Motion valeurs républicaines

 

A travers la mondialisation, une conception libérale de la société s’affirme dans des instances décisionnelles européennes et mondiales. Cette logique nourrit les projets des différents gouvernements et du gouvernement français en particulier.

Le mouvement qui s’exprime à ce jour dans la rue est porté par de nombreux enseignants qui affirment ainsi leur désaccord quant à ces projets. Cette situation n’est pas sans poser un certain nombre d’interrogations quant à la place de l’école dans la République et aux valeurs qui la constituent.

 

Le congrès a constaté une transformation de l’école qui n’est plus le lieu de la transmission des savoirs. L’école traverse une crise profonde : massification et manque de moyens, réformes pédagogiques en casacade sont quelques-unes des causes de cette crise. Les missions de l’école sont détournées au profit d’intérêts mercantiles ou religieux. Face à ces dérives, la commission propose le retour à une véritable école républicaine, seule moteur de la construction sociale.

 

 

Qu’est ce que l’école républicaine ?

 

L’école publique est une institution de la République dont les valeurs - Égalité, Fraternité et Liberté - doivent être réaffirmées avec force. Ces valeurs impliquent le maintien d’un service public national et laïc d’éducation. La régionalisation va à l’encontre de celles-ci : c’est une véritable remise en cause de la dimension nationale des diplômes et de l’égalité d’accès à l’école.

 

Quelles missions pour l’école républicaine ?

 

L’accès au savoir au plus haut niveau est la seule réponse pour une véritable intégration citoyenne. Transmission des savoirs et laïcité sont le creuset de la République.

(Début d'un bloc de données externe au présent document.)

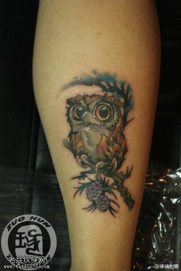 腿部彩色猫头鹰纹身图案_腿部纹身图案大全_纹身图吧

L’établissement doit intégrer la’appentissage fde la démocratie permettant aux élèves d’assumer pleinement leur citoyenneté notamment dans le lycée aux travers du CVL, élections des délégués de classe, conseil des délégués, conseil d’administration

Chaque jeune a le droit à une scolarité qui débouche sur une formation et un diplôme national. L’Etat doit offrir à tous la garantie de l’égalité, du droit d’aller à l’école et du droit des femmes en particulier, droit qui passe par l’accès au savoir, seule condition de l’émancipation.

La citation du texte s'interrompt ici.